I have had stomach pain, it started Monday night. Woke me up in the night both Monday and Tuesday. It was severe in the night, but during the day only bothered me slightly. It did keep me from running, which frankly ticked me off, and got me to the doctor. I was suspicious of gall bladder.
I had an ultrasound yesterday morning. Yes, they think my gall bladder may not be working properly and want further testing. That is what is causing pain.
But that is not why the doctor called me at the end of the day.
She called to let me know that there is a 1-2 centimeter spot on my kidney. It showed up in an ultrasound that I had in January and was cyst-like, so we were told to watch it due to my history. Well, it now looks more solid, a nodule or lesion. They are not jumping to conclusions but because of the definite change from the ultrasound in January, the radiologist suggest further testing due to my history.
My primary care doctor is going to call my Oncologist for the “now what?” I expect a scan or two, maybe a biopsy. I will know more next week.
You have all so graciously come along on this journey with me, so I want to keep you informed. It seems like these “bumps in the road” may just be a way of life– these ups and downs with my health. I am ok with that. I have done my pouting in the past and have come to accept the ‘what is.’ I am at peace, and so thankful for how many prayers have been answered on my behalf. So many.
I am also very thankful for the perspective that all of this brings. It is a gift. I find when pain forces me to face what we all need to face, that we are here on this earth for a short time, I live. I REALLY live.
I see more clearly. I think about what matters. I notice beauty. I touch and hug my kids more. I kiss my husband more (well, I would be if he didn’t have a cold :)) I treasure the moments with those I love. I eat it all up, and I am present. That, friends, is a gift, one that I would not have to this extent, if it were not for pain.

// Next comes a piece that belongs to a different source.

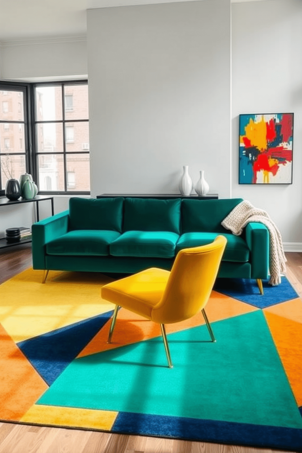 A vibrant apartment living space featuring a geometric rug in striking hues of mustard yellow, navy blue, and burnt orange. Centered on the rug is a contemporary velvet sofa in deep emerald green, accompanied by a mustard accent chair with sleek gold legs.

Emotional pain, physical pain, both bring perspective.
I reach out to my Heavenly Father in these moments, I rest in His love, and I find peace.
I will keep you updated. Again, it very well could be nothing. Hoping for the best!!
I had a file of songs on hand to play for those valley days, and hit the first one I could find. It was the song below. I remember laying my head on the desk, eyes blurred but not from tears, yet. My head so heavy, my heart, too. I listened to it 3 times at least, it was the perfect song for my heart that day. The desk became wet with my tears, but I was too weary to do much about it.
As this linked video says, “I need a voice that is louder than mine” today.
I pray that if you are in your own valley today, that you too, would find His sweet grace, that His voice would be louder than yours, that you would find shelter in the wings of God! He is the lifter of heads and the healer of hearts. So often He has lifted my head and cradled my heart. He takes our valleys and gives them meaning & purpose. He is a good, good God, one that we can turn to when we just can’t carry on ourselves.